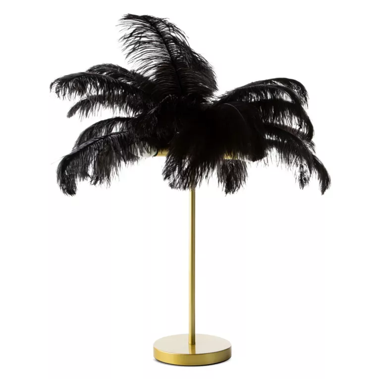 Lampa stołowa do salonu czarno, złota FERI na metalowej podstawie z niezwykle efektownym abażurem z naturalnych strusich piór Eurofirany
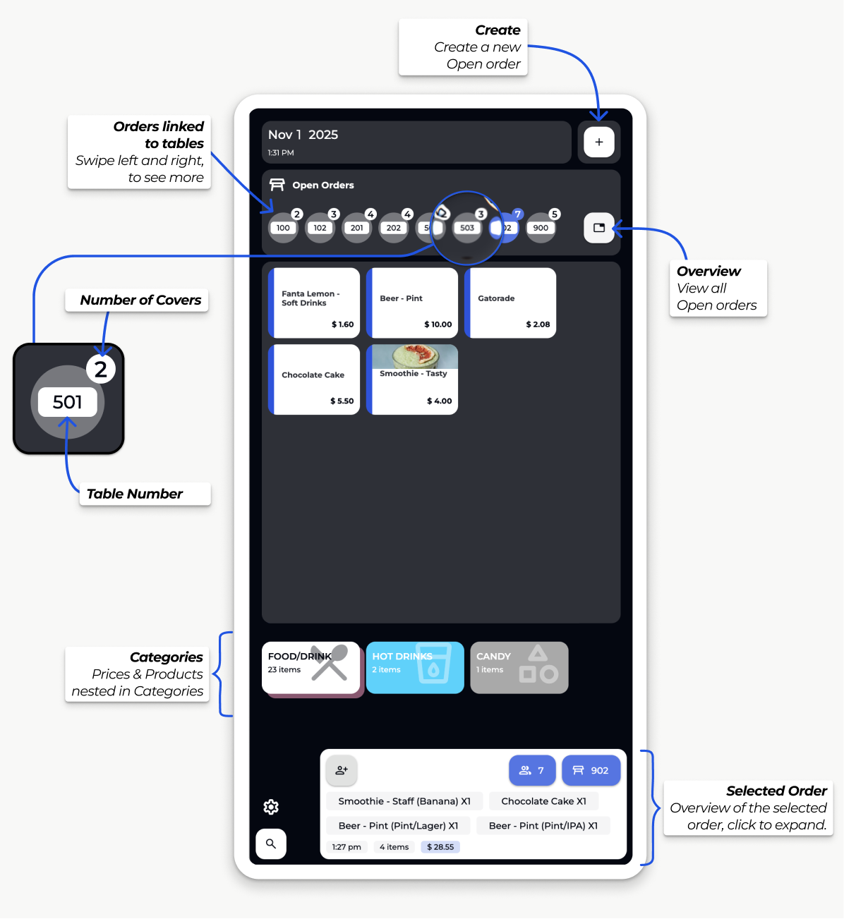 The POS Café / Restaurant is a dedicated point-of-sale system designed for your café or restaurant operations. It provides an intuitive, table-based layout that’s optimized for mobile and tablet use, making it faster and easier to manage orders, tables, and covers compared to the main POS.
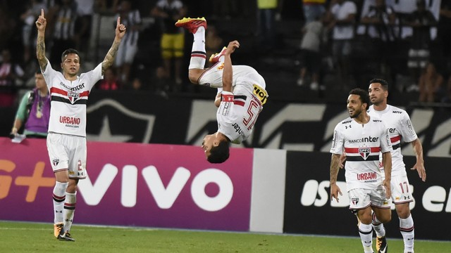Botafogo e São Paulo certamente fizeram neste sábado, no Engenhão, no Rio de Janeiro, um dos melhores jogos do Brasileirão. O duelo terminou com uma vitória épica do Tricolor, de virada, por 4 a 3, com um gol de Cueva, um de Hernanes e dois de Marcos Guilherme. O time carioca já tinha conquistado uma virada por 3 a 1 depois de ter saído perdendo, com dois gols de Marcos Vinícius e um de Guilherme. Mas o time paulista foi valente, não desistiu e conquistou o primeiro triunfo fora.

# # # # #

■ EXERCISE GOAL: Please output all the data exactly as given, with the pictures omitted.

■ EXPECTED OUTPUT:
 Lampa stołowa do salonu czarno, złota FERI na metalowej podstawie z niezwykle efektownym abażurem z naturalnych strusich piór Eurofirany
 The POS Café / Restaurant is a dedicated point-of-sale system designed for your café or restaurant operations. It provides an intuitive, table-based layout that’s optimized for mobile and tablet use, making it faster and easier to manage orders, tables, and covers compared to the main POS.
Botafogo e São Paulo certamente fizeram neste sábado, no Engenhão, no Rio de Janeiro, um dos melhores jogos do Brasileirão. O duelo terminou com uma vitória épica do Tricolor, de virada, por 4 a 3, com um gol de Cueva, um de Hernanes e dois de Marcos Guilherme. O time carioca já tinha conquistado uma virada por 3 a 1 depois de ter saído perdendo, com dois gols de Marcos Vinícius e um de Guilherme. Mas o time paulista foi valente, não desistiu e conquistou o primeiro triunfo fora.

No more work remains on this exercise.